The Guardian constantly nags you for money, like an incel wheedling for sex: can’t you see, it’s so special, so deserving? When the mask of decorum finally drops it will end up like the Independent, frantically jizzing pop-up video ads at you, but for the time being it’s still in the bargaining stage: will you like me if I’m more transphobic? Did you see how I stood up for you against that nasty socialist who wanted to raise your taxes and take away your buy-to-let income? Like the Liberal Democrats, the Guardian does not know what it is selling, or to whom, but remains unshakeably convinced of the superior quality of the product.

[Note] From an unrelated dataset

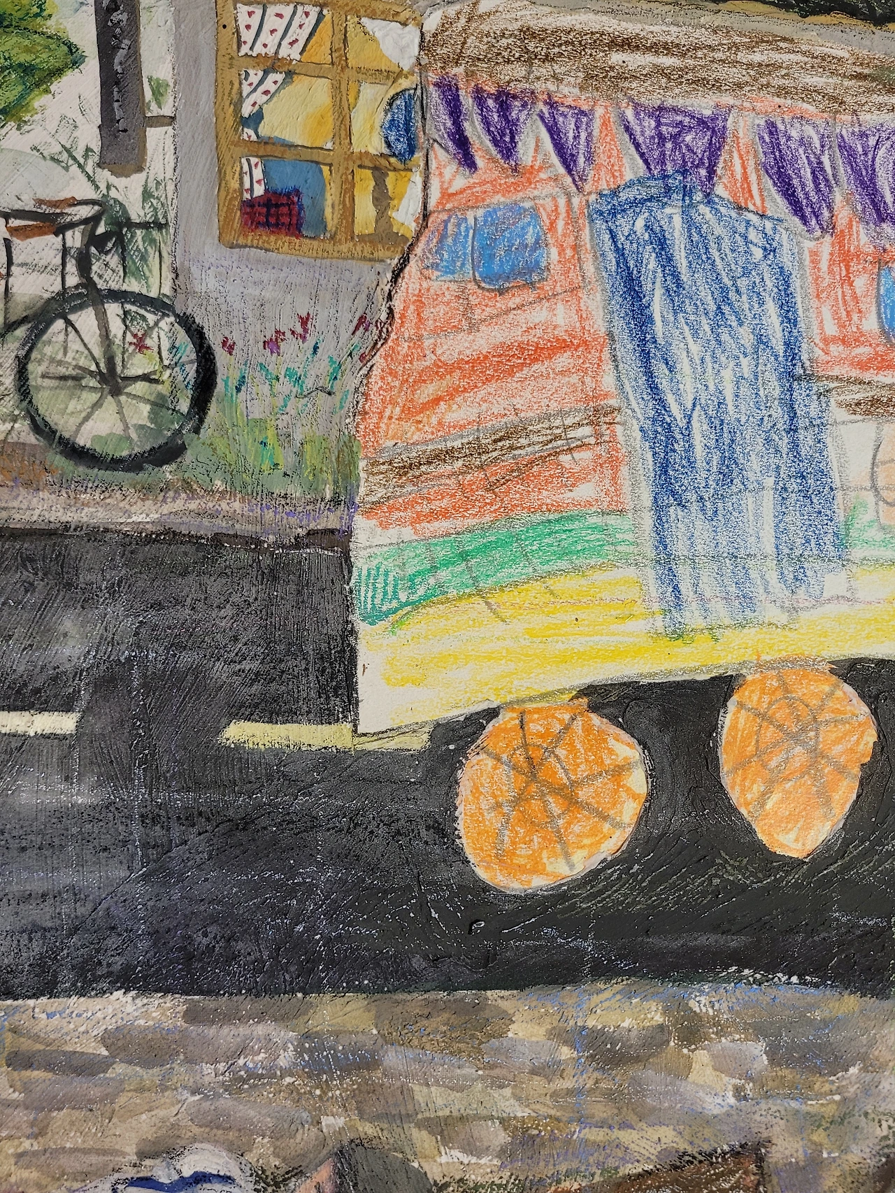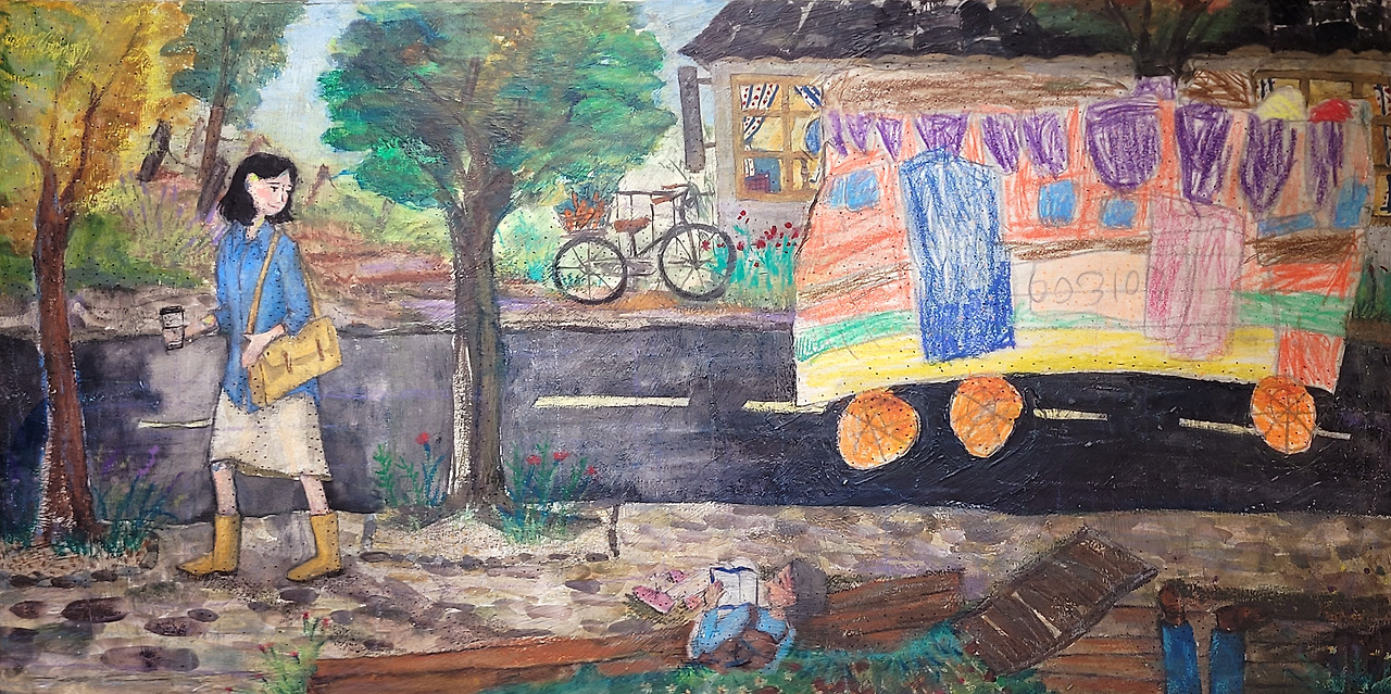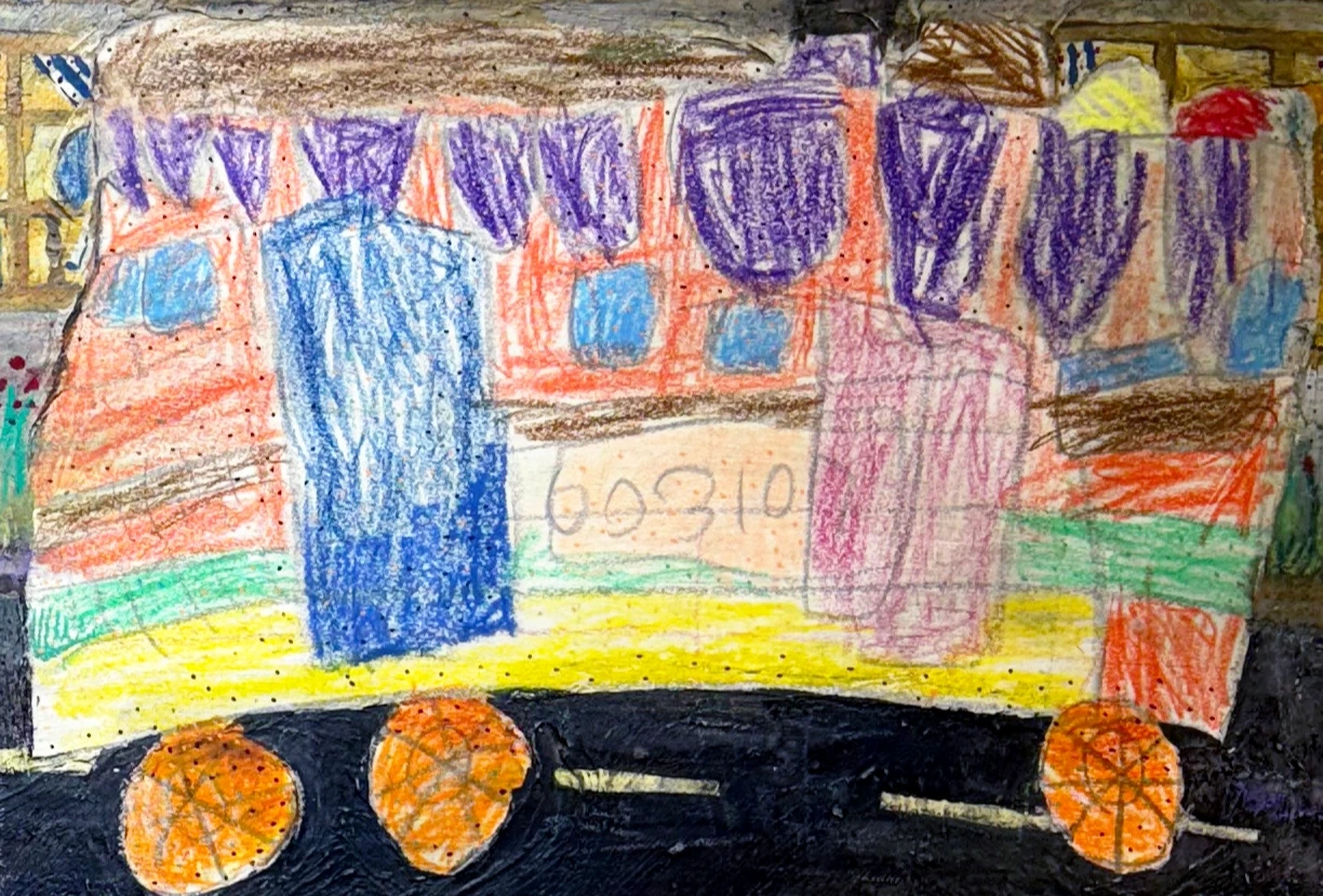(그림의 버스는 저의 첫 아이가 6살 때 그린 그림을 보관하다가.. 그림에 콜라주 기법으로 표현했습니다.)

I lie to myself about how often I visit the Mail Online, and how many celebrity bottoms I have idly perused thereon. The reverie may last for days, and yet on emerging there is no sensation of any time having passed at all. I don’t recall ever being asked for money, but payment must surely be involved in this transaction. Somewhere in the bowels of hell, an infernal Accountant is playing tiddlywinks with smooth obsidian tokens representing fragments of my immortal soul. With every click through to the “ample bosom” “flaunted” by some 19-year-old starlet, another small shower of tokens tumbles out of the roiling murk above, and a faint snarl of anticipation crosses the Accountant’s — well, I suppose you’d have to call it a face. The Mail certainly knows what it is selling: what it is selling is you, one tiny portion at a time, to the frightful Engineer of everlasting torment.